Yes — PPA is one of the core uses of this service. After a business combination the consideration is allocated across the acquired tangible assets, identifiable intangibles and goodwill at fair value as at the acquisition date. Because CPCON also verifies and values the tangible side — plant, machinery, fixtures, stock — the whole allocation rests on one consistent, evidenced base rather than book values taken on trust, which is exactly what acquirers and their auditors want to see.
They are frequently used for it. Royalty rates for intra-group licensing of brands and technology, the value of IP migrated between entities, and the arm’s-length pricing of intangible transfers all rest on the same relief-from-royalty and excess-earnings evidence. For UK corporation tax, relief on acquired intangibles generally runs through the intangible fixed assets regime by reference to accounting amortisation — so the valuation, the amortisation life and the tax position are linked, and your tax adviser will want the asset-level detail a proper valuation file carries.
The methodology is the same, but the reporting standard is higher because the number will be tested adversarially. We document every input and assumption, state the basis of value clearly, and prepare the file so it survives cross-examination, expert challenge or HMRC enquiry. Shareholder exits, warranty and indemnity claims, IP infringement quantum and matrimonial or partnership disputes all benefit from an independent, fully evidenced intangible value rather than a negotiating assertion.

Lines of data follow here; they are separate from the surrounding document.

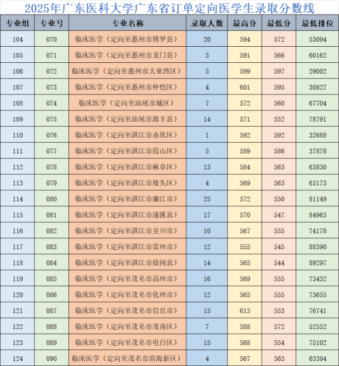 2025年我校提前批广东省订单定向医学生(卫生专项计划)招生225名,录取225名,一次性满档,总体生源质量保持稳定。录取最高分613分,排位17771,录取最低分544分,排位89297,高出卫生专项控制线(465分)79分提档。
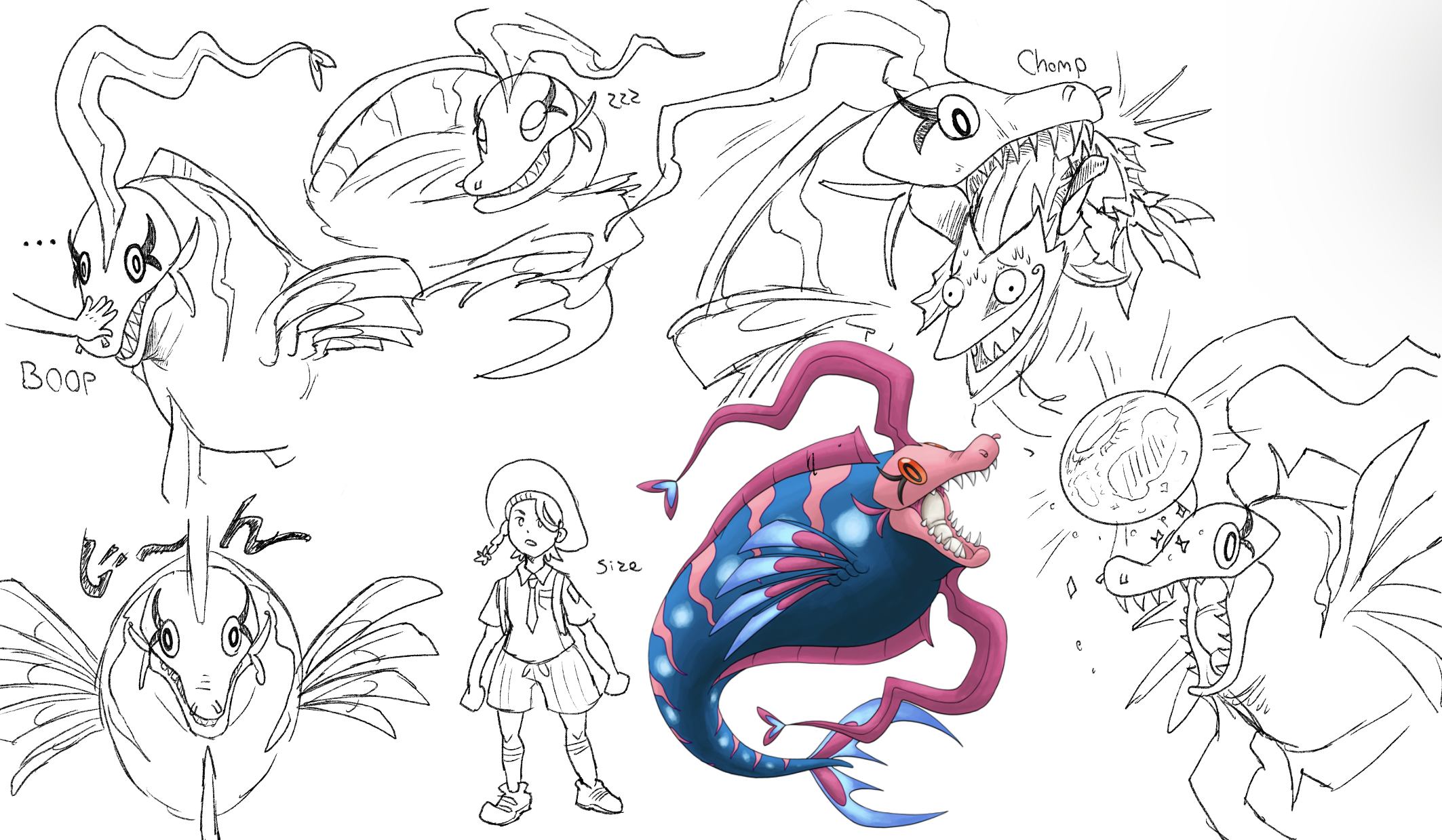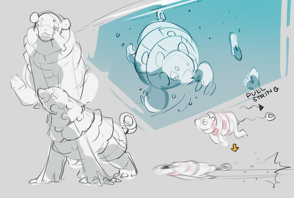 My first rendition was unfortunately very ugly, and I went back to redesign with a more "Fairy" image in mind.. I rounded the Pangolin/Sloth's face to look cuter and it ended up turning into a Seal -> more like a Bear now... but Bears swim too so- I continued. The design already had Toy elements from the Conch pull-string; and I decided to further that, turning the shell into a layered jigsaw puzzle. Teddy Bear + Puzzle + Pull Toy, is where the Fairy themes come in; I didn't want to play too much into a Plush Bear image because Bewear already occupies that role.
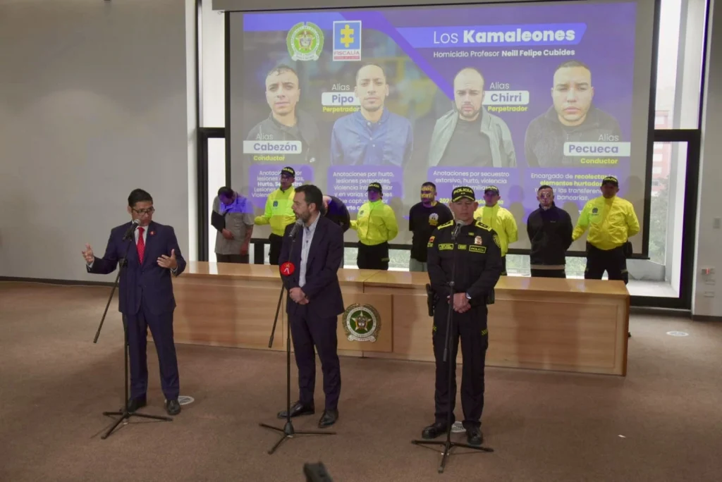 Tras dos meses de investigación, el análisis de más de 200 horas de video y la revisión de al menos 120 cámaras de seguridad, las autoridades lograron la captura de los presuntos responsables del homicidio del profesor Neill Felipe Cubides. Se trata de una estructura delincuencial conocida como “Los Kamaleones”, señalada de operar bajo la modalidad de “paseo millonario” en Bogotá.

Typically: management accounts and forecasts, revenue split by brand or product where it exists, the IP schedule (registrations, patents, domains, licences and key contracts), customer and churn data for relationship assets, the acquisition agreement and any prior valuations or PPA reports. A scoping call establishes what actually exists — engagements are sized around real data availability, not an idealised checklist — and we tell you early where a method will be constrained by missing data so there are no surprises at the report stage.